(Records from a data source)
******
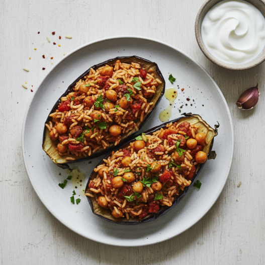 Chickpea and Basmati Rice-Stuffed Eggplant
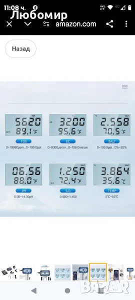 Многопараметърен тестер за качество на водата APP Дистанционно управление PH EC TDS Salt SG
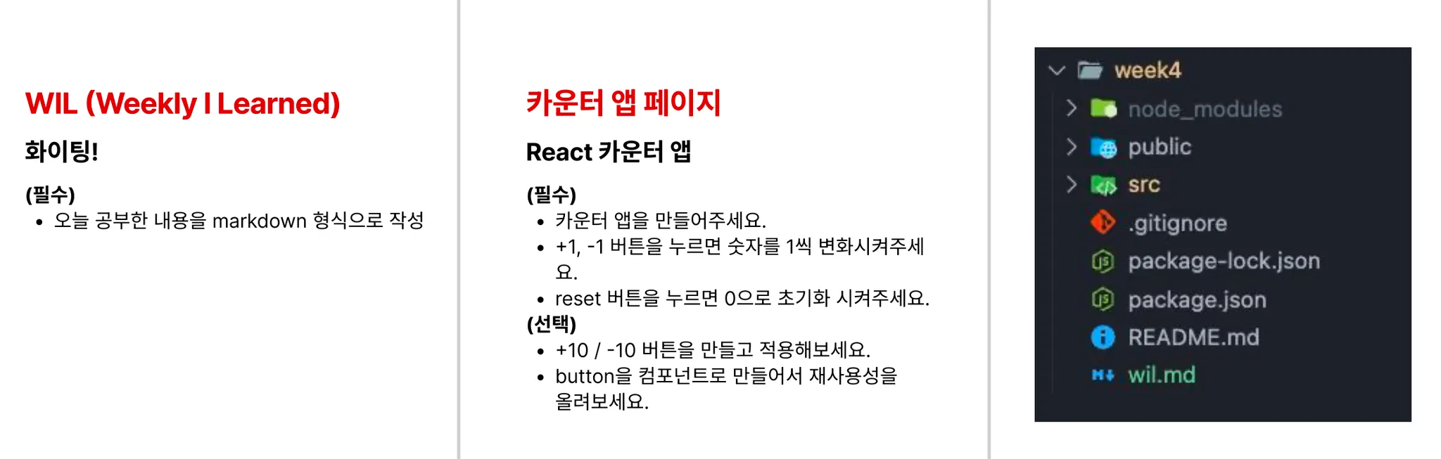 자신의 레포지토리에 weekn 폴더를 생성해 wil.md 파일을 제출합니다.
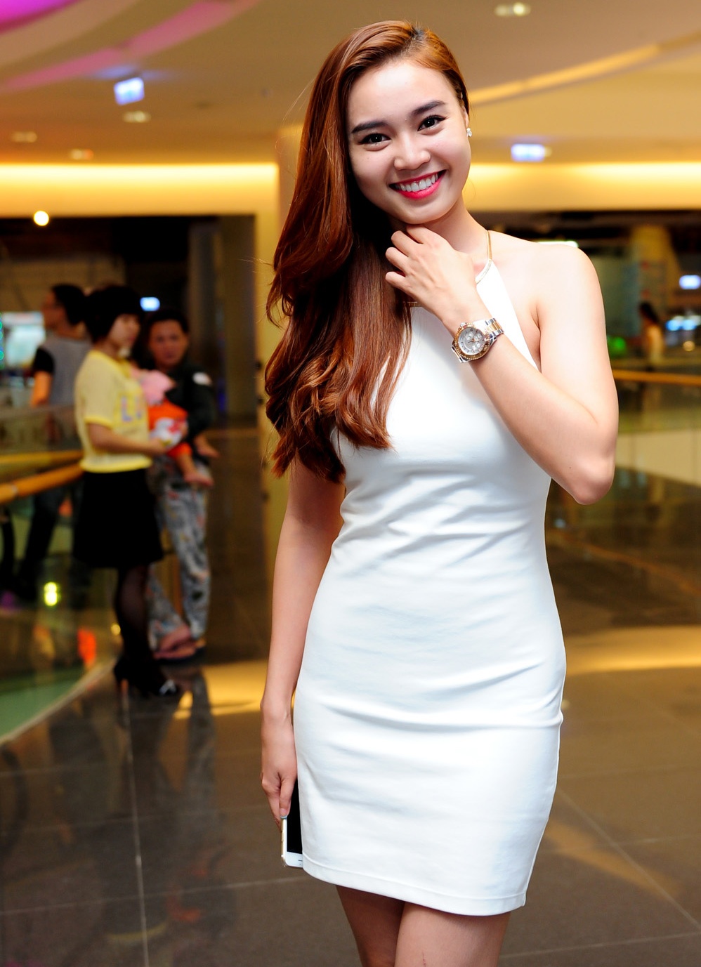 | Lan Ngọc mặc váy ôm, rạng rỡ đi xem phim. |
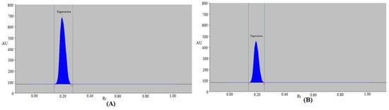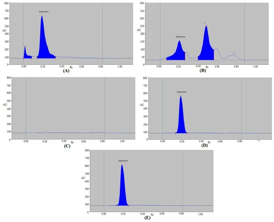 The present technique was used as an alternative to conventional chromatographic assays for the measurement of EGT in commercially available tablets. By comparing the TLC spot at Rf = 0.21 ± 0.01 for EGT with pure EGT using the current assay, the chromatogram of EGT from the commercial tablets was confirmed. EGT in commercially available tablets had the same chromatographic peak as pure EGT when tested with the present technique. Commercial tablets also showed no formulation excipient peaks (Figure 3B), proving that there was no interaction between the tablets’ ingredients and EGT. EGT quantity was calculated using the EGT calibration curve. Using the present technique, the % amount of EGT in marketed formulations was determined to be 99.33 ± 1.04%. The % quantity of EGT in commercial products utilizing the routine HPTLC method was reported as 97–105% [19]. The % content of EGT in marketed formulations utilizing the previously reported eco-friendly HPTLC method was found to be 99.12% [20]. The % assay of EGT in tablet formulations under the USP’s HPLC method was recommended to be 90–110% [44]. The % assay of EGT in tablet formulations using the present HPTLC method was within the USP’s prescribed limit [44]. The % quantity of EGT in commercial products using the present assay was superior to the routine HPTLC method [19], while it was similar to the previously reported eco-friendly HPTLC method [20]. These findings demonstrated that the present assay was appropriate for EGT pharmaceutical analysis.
******
Above are entries with pictures among them. Write out exactly the lines from the one containing "Многопараметърен тестер за" through the one containing "xem phim. |", ends included, and leave those pictures out.

- [EXERCISE ANSWER]
 Многопараметърен тестер за качество на водата APP Дистанционно управление PH EC TDS Salt SG
 자신의 레포지토리에 weekn 폴더를 생성해 wil.md 파일을 제출합니다.
 | Lan Ngọc mặc váy ôm, rạng rỡ đi xem phim. |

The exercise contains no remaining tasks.